Not long after he reported, the Arizona sailed across the equator and Cook participated in the raucous ceremony for sailors on their first such trip. Cook was headed for his battle station in the midst of the attack when the order came to abandon ship. He helped lower life rafts into the water until he was forced to leave.
He was aboard the USS Lexington when it sank in 1942 and his ship was part of the American forces at Midway. He did not make the trip to Hawaii this week.
These three Arizona crewmen have died in the past 14 months:
John Anderson died Nov. 14, 2014, at the age of 98. He was living at the time in Roswell, N.M. Anderson enlisted in the Navy in 1937 with his twin brother, Delbert “Jake” Anderson. John Anderson was assigned to the Arizona, but then served missions elsewhere before rejoining the Arizona, and Jake, in 1941. As Japanese aircraft strafed the ship the morning of Dec. 7, Anderson searched for his brother. He helped wounded sailors to safety, but kept up his search until he had to abandon the ship. Jake was presumed dead. Anderson’s remains will be interred in the Arizona’s wreckage Wednesday.
Clarendon Hetrick died April 18 in Las Vegas, a month shy of his 93rd birthday. Hetrick enlisted in the Navy when he was 17 and boarded the Arizona in January 1941. He worked as a mess cook among his other duties. When the attack began, he was below deck. He climbed up a hatchway and, as the order to abandon ship was given, he jumped into the water and made his way to Ford Island. He was assigned to other ships and was injured in fighting on Iwo Jima. After his stint in the Navy, he enlisted in the Air Force and fought in Korea. On Wednesday, his remains will be interred in the Arizona.

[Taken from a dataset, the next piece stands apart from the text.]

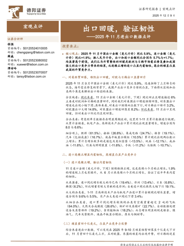 【德邦证券】【202511】出口回暖,验证韧性——2025年11月进出口数据点评-5页

Raymond Haerry died Sept. 27 in West Warwick, R.I., at the age of 94. He was barely 18 when he enlisted in the Navy in 1940 and by September of that year, he boarded the Arizona as it was being readied for war. He reported to his battle station on the anti-aircraft gun battery when the Japanese attack started and when the munitions stores exploded, he was thrown off the ship. He served on other ships through World War II and the Korean War. He taught at officer’s candidate school Newport, R.I., until he retired from the Navy. He will be interred in the Arizona next year.